• DATA EXCERPT
= = = = =
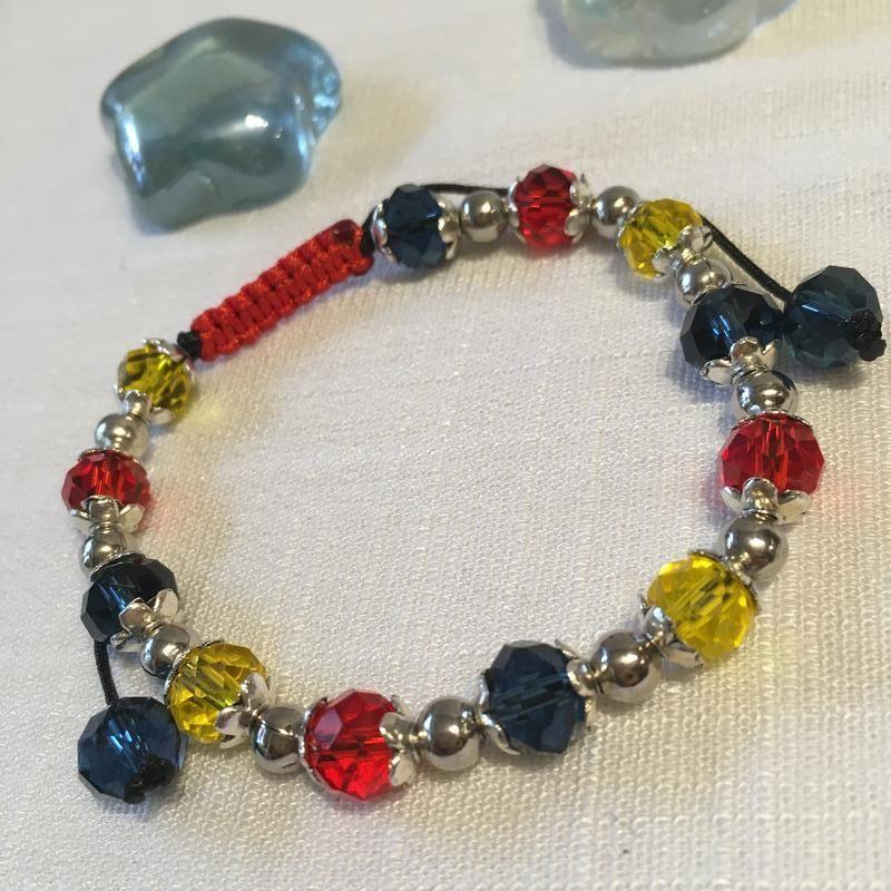 Яркий, необычный браслет шамбала из граненых прозрачных бусин «чешский хрусталь» и гладких металлических бусин. Привлекает внимание и поднимает настроение! Дополняют образ металлические обниматели. В качестве основы использован полиэстеровый шнур толщиной 1 мм. Застежка затяжная. Выдерживает сильное натяжение но резко дёргать нельзя. Размер браслета от 16 до 20 см. Дополнительные характеристики: Цвет : Желтый Материал : Бусины
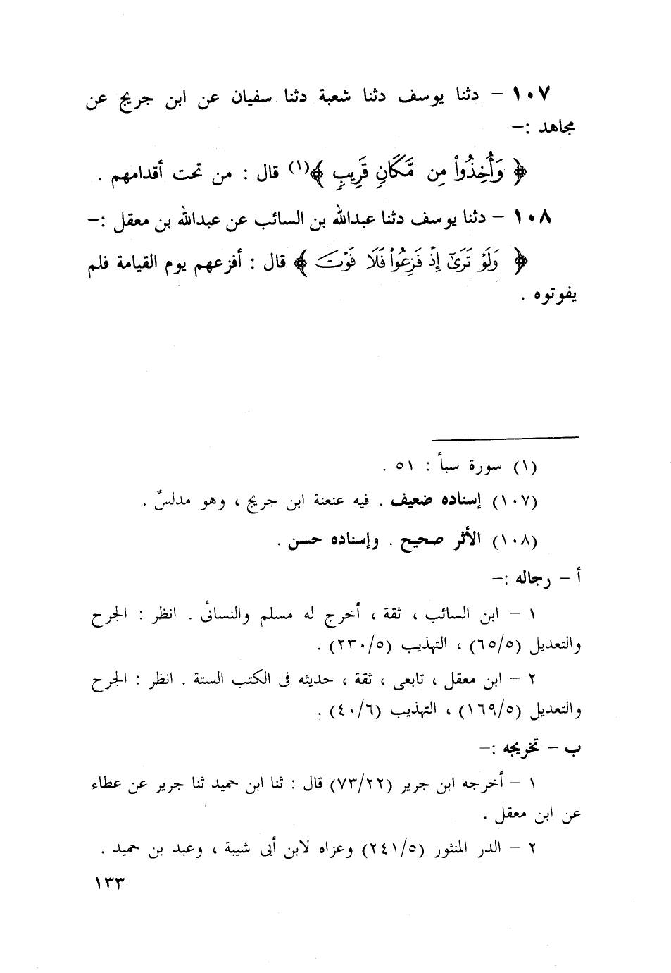 171 - دثنا حَمْزَةُ بْنُ الْعَبَّاسِ، ادنا عَبْدُ اللَّهِ بْنُ عُثْمَانَ، ادنا ابْنُ الْمُبَارَكِ، ادنا عَبْدُ الرَّحْمَنِ بْنُ يَزِيدَ بْنِ جَابِرٍ، دثنا عَبْدُ الْجَبَّارِ بْنُ عُبَيْدِ اللَّهِ بْنِ سَلْمَانَ، قَالَ: قَوْلُ الْمُؤْمِنِ حِينَ يَقُولُ لِقَوْمِهِ: {إِنِّي أَخَافُ عَلَيْكُمْ يَوْمَ التَّنَادِ يَوْمَ تُوَلُّونَ مُدْبِرِينَ} [غافر: 33] ، قَالَ: «§يُرْسَلُ عَلَيْهِمْ مِنَ اللَّهِ أَمْرٌ فَيُوَلُّونَ مُدْبِرِينَ، ثُمَّ تَسْتَجِيبُ لَهُمْ أَعْيُنُهُمْ بِالدَّمْعِ، فَيَبْكُونَ حَتَّى يَنْفَدَ الدَّمْعُ، ثُمَّ تَسْتَجِيبُ لَهُمْ أَعْيُنُهُمْ بِالدَّمِ فَيَبْكُونَ دَمًا، حَتَّى يَنْفَدَ الدَّمُ، ثُمَّ تَسْتَجِيبُ لَهُمْ أَعْيُنُهُمْ بِالْقَيْحِ، فَيَبْكُونَ حَتَّى يَنْفَدَ الْقَيْحُ، وَتَعُودُ أَبْصَارُهُمْ كَالْحِدَقِ بِالطِّينِ»
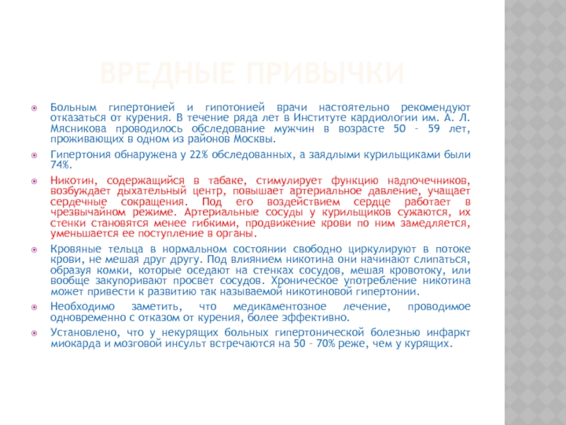 Установлено, что у некурящих больных гипертонической болезнью инфаркт миокарда и мозговой инсульт встречаются на 50 – 70% реже, чем у курящих.
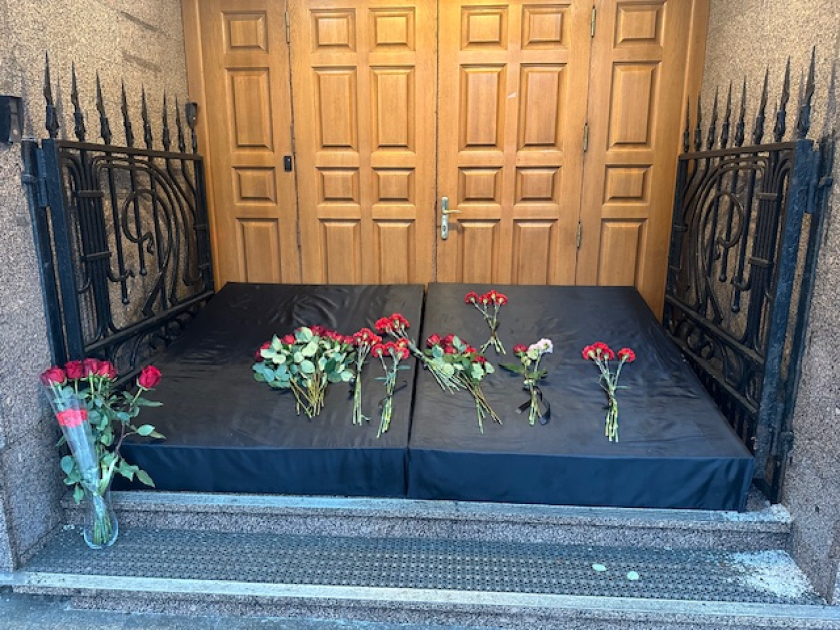 Moskva sakinləri Azərbaycanın Rusiyadakı səfirliyinin binasının önünə gül dəstələri düzürlər
= = = = =
• EXERCISE INSTRUCTIONS
Copy out each line of the data exactly as it reads; skip the pictures.

• WRITTEN RESPONSE
 Яркий, необычный браслет шамбала из граненых прозрачных бусин «чешский хрусталь» и гладких металлических бусин. Привлекает внимание и поднимает настроение! Дополняют образ металлические обниматели. В качестве основы использован полиэстеровый шнур толщиной 1 мм. Застежка затяжная. Выдерживает сильное натяжение но резко дёргать нельзя. Размер браслета от 16 до 20 см. Дополнительные характеристики: Цвет : Желтый Материал : Бусины
 171 - دثنا حَمْزَةُ بْنُ الْعَبَّاسِ، ادنا عَبْدُ اللَّهِ بْنُ عُثْمَانَ، ادنا ابْنُ الْمُبَارَكِ، ادنا عَبْدُ الرَّحْمَنِ بْنُ يَزِيدَ بْنِ جَابِرٍ، دثنا عَبْدُ الْجَبَّارِ بْنُ عُبَيْدِ اللَّهِ بْنِ سَلْمَانَ، قَالَ: قَوْلُ الْمُؤْمِنِ حِينَ يَقُولُ لِقَوْمِهِ: {إِنِّي أَخَافُ عَلَيْكُمْ يَوْمَ التَّنَادِ يَوْمَ تُوَلُّونَ مُدْبِرِينَ} [غافر: 33] ، قَالَ: «§يُرْسَلُ عَلَيْهِمْ مِنَ اللَّهِ أَمْرٌ فَيُوَلُّونَ مُدْبِرِينَ، ثُمَّ تَسْتَجِيبُ لَهُمْ أَعْيُنُهُمْ بِالدَّمْعِ، فَيَبْكُونَ حَتَّى يَنْفَدَ الدَّمْعُ، ثُمَّ تَسْتَجِيبُ لَهُمْ أَعْيُنُهُمْ بِالدَّمِ فَيَبْكُونَ دَمًا، حَتَّى يَنْفَدَ الدَّمُ، ثُمَّ تَسْتَجِيبُ لَهُمْ أَعْيُنُهُمْ بِالْقَيْحِ، فَيَبْكُونَ حَتَّى يَنْفَدَ الْقَيْحُ، وَتَعُودُ أَبْصَارُهُمْ كَالْحِدَقِ بِالطِّينِ»
 Установлено, что у некурящих больных гипертонической болезнью инфаркт миокарда и мозговой инсульт встречаются на 50 – 70% реже, чем у курящих.
 Moskva sakinləri Azərbaycanın Rusiyadakı səfirliyinin binasının önünə gül dəstələri düzürlər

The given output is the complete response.